A MEMOIR OF SECRETS, LOSS, AND LOVE FROM IRAN TO AMERICA

A powerful and uplifting memoir of tragedy and healing.

A New York–based clinical psychologist tells the moving story of the life-changing trauma she and her family suffered as a result of the Iranian Revolution of 1979.

For the first four years of her life, Andalibian grew up in the protected space of her family and the Rose Hotel, a luxury guesthouse her father ran for pilgrims on their way to the holy city of Mashhad. Everything changed in late 1978 when her father became entangled in a web of religious and political intrigue involving a woman and her two teenage rapists. The new regime of Ayatollah Khomeini promised a fresh start to what everyone believed would be a more just society. Then Iranian courts charged—and later executed—Andalibian’s oldest brother, Abdollah, for a crime he didn’t commit. To protect the family, her parents told their remaining children that he had gone to America to study; yet the lie did nothing to stop the family from moving into a dark spiral of despair. In the difficult years that followed, the Andalibians moved away from their beloved Rose Hotel.
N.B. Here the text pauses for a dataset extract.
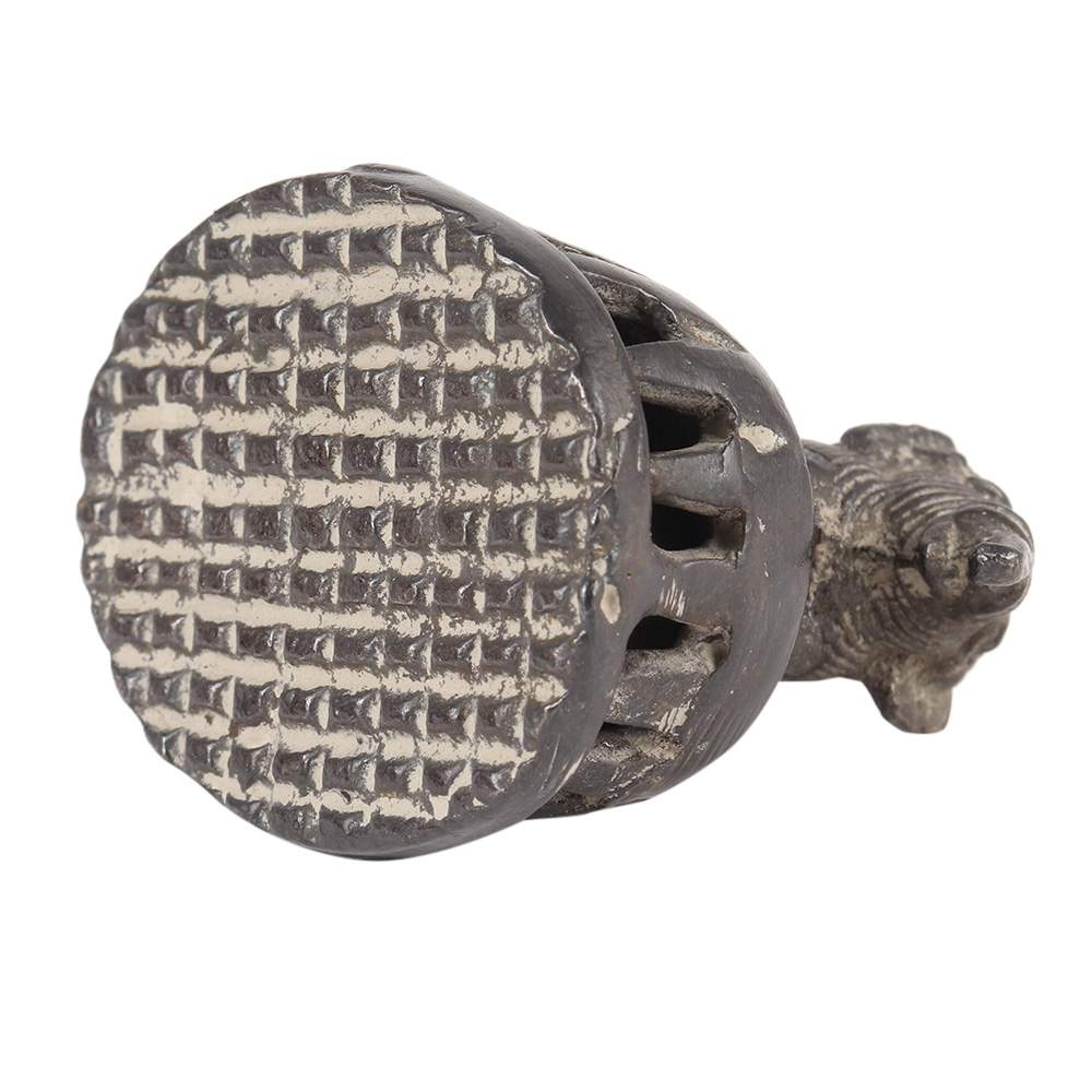 This was usually used among women when bathing to wash their foot, which was driven primarily by being barefoot. It really is made of cast brass and consists of a platform with punctured mesh work and a rustic, chipped base with an ornamental cast figure usually an animal  that serves as a handle. Tiny stones or metallic pellets are placed within the pedestal, which produces a noise when it is used to alert others in the area that women are bathing around.

Later, a health crisis forced the author’s mother to seek medical care in London and forced a long period of separation between the author and two brothers. Even after the family reunited and then immigrated a second time to Southern California, memories of their old life in Iran and of Abdollah’s “disappearance” continued to haunt them. Her parents, especially her devout Muslim father, were adrift in a Western society they could neither entirely accept nor understand, while alcoholism, drug abuse, divorce and undiagnosed mental illness plagued their children. Through a fierce love that was often tested beyond its limits, Andalibian helped her family understand the necessity of revealing long-held secrets and accepting each other’s foibles and vulnerabilities. Only then could they finally emerge, scarred but whole, “from its shadows.”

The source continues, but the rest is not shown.